The Co-operative Bank has posted a net profit of Sh. 6.6 billion in the first half of this year.
The profit came against the backdrop of a tight operating environment especially with the capping of interest rates, general economic slowdown in an election year, currency devaluation and hyperinflation in South Sudan.
During this period, the bank’s total assets grew by Kshs 20 billion to Kshs. 383.3 billion compared to Kshs 363 Billion in the same period last year.
Customer deposits grew by Kshs. 7.6 billion to Kshs. 287.2 billion compared to Kshs. 279.6 billion in the same period last year.
The bank was able to record an increase in fees and commissions from loans and advances.
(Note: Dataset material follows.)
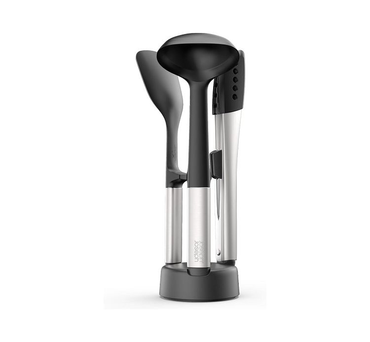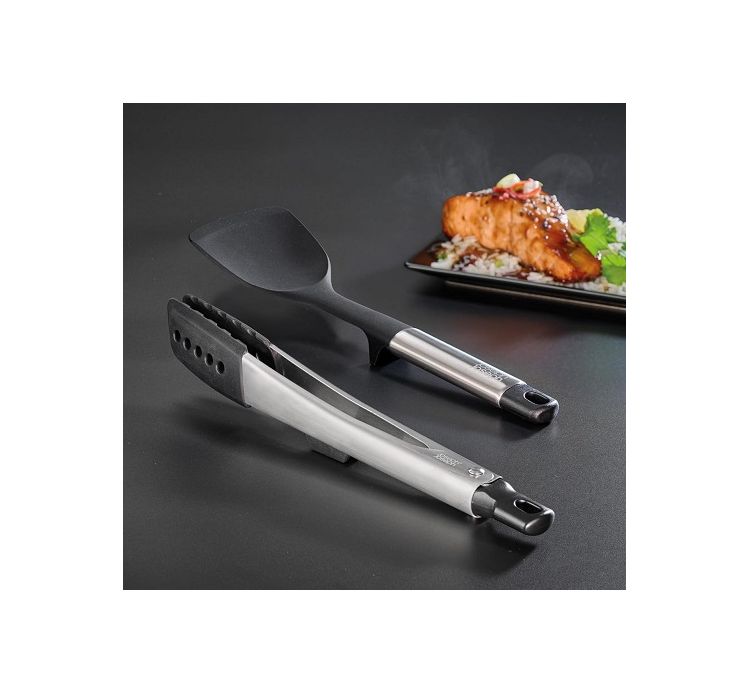 Maggiori dettagliThe Joseph Joseph Elevate Fusion set is designed to optimize kitchen space with a sleek and functional design. Crafted from BPA-free plastic, stainless steel, and silicone in black and silver, it measures 15 x 15 x 31.5 cm. The utensils are heat-resistant up to 210°C and feature weighted handles that prevent the heads from touching surfaces, ensuring greater hygiene.

These grew by 14.3 per cent from Kshs1.20 billion to Kshs1.37 billion.
Additionally, foreign exchange income increased by 28.2% from Kshs 969.35 million to Kshs 1.24 billion.
During the period, Co-operative Bank of South Sudan that is a unique Joint Venture (JV) partnership with Government of South Sudan made a marginal loss of Kshs. 0.06 Million. This loss was attributed to hyperinflation occasioned by devaluation of the South Sudanese currency.
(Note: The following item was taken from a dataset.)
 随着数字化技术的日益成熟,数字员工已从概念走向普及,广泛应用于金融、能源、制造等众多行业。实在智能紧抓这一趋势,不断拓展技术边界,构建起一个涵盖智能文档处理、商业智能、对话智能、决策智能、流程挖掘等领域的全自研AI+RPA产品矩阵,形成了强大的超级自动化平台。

“We have put in place strategies intended at sustaining long-term profitability, with current challenges in the operating environment being mitigated by the benefits arising from the successful execution of the ‘Soaring Eagle’ Transformation project,” said Co-op Bank’s chief executive officer Gideon Muriuki in a statement.
During this half-year financial period, Co-op Bank received its first ever international rating by the global credit ratings firm Moody’s where it was assigned a B1 Global Rating and a strong Aa2 National Scale Rating, affirming the strong performance of the bank on all fronts.
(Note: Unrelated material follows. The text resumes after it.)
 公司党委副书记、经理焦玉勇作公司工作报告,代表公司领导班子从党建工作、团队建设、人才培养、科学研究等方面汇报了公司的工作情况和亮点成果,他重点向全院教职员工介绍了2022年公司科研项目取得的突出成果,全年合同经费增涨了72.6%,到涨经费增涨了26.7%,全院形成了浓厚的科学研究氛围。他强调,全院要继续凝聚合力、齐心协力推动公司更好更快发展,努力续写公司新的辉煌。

“The strong rating is a credible signal to the bank’s counter-parties especially investors and development partners,” said Mr. Muriuki.
In the period under review, Co-op Bank’s shareholders’ funds grew from Kshs. 57.9 billion to Kshs. 64.5 billion. This represented a growth of 11.3 per cent which was supported by a steady growth in earnings and a dividend policy geared towards a progressive growth.